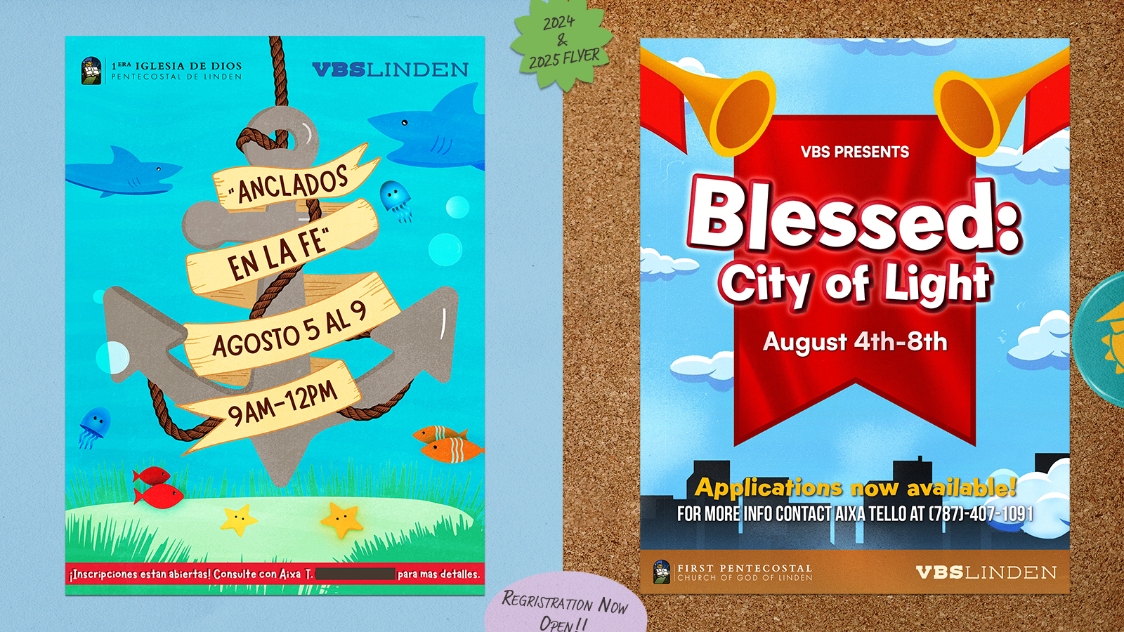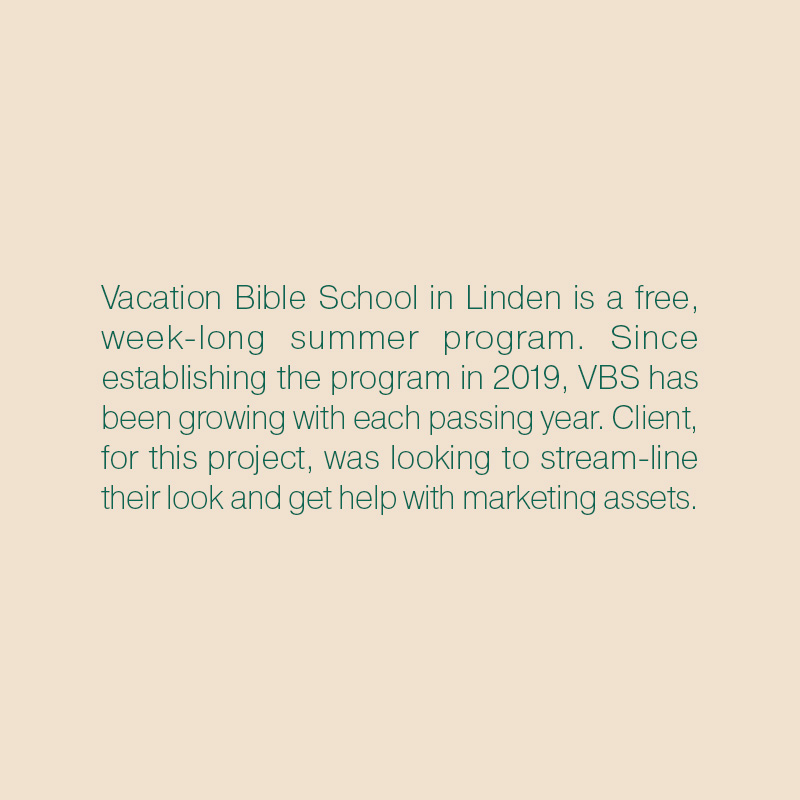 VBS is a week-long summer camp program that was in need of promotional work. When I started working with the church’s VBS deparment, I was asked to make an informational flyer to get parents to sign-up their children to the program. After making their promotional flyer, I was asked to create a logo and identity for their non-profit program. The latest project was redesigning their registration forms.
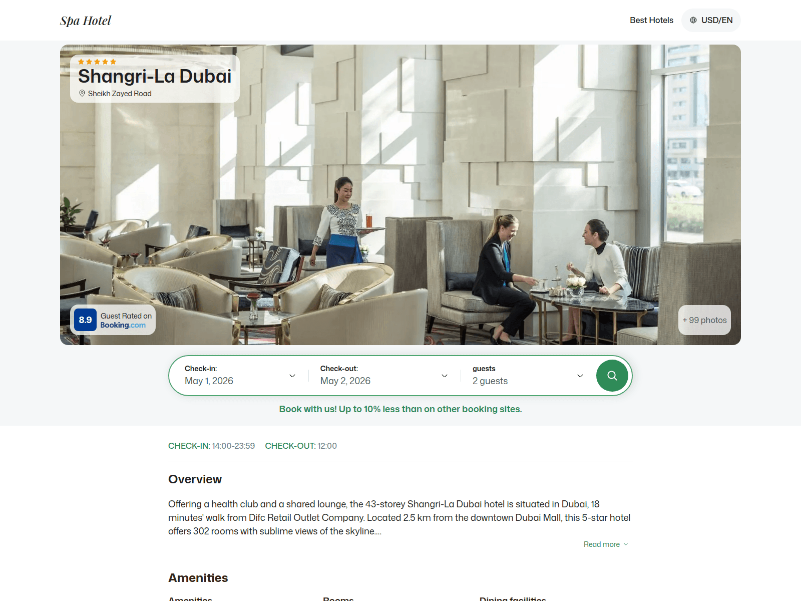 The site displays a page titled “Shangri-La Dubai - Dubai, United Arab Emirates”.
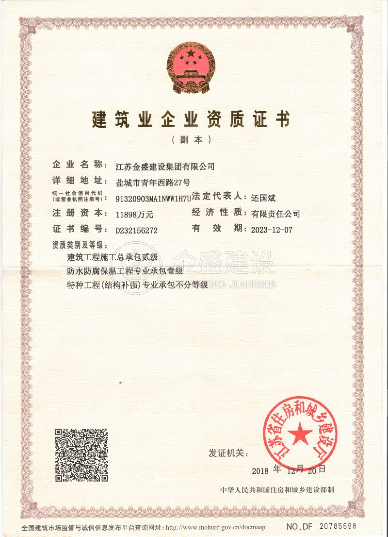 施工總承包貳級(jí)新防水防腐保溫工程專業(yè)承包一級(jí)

» **THE TASK**
Return the data exactly as it stands, minus the pictures.

» **RESPONSE TO THIS EXERCISE**
 VBS is a week-long summer camp program that was in need of promotional work. When I started working with the church’s VBS deparment, I was asked to make an informational flyer to get parents to sign-up their children to the program. After making their promotional flyer, I was asked to create a logo and identity for their non-profit program. The latest project was redesigning their registration forms.
 The site displays a page titled “Shangri-La Dubai - Dubai, United Arab Emirates”.
 施工總承包貳級(jí)新防水防腐保溫工程專業(yè)承包一級(jí)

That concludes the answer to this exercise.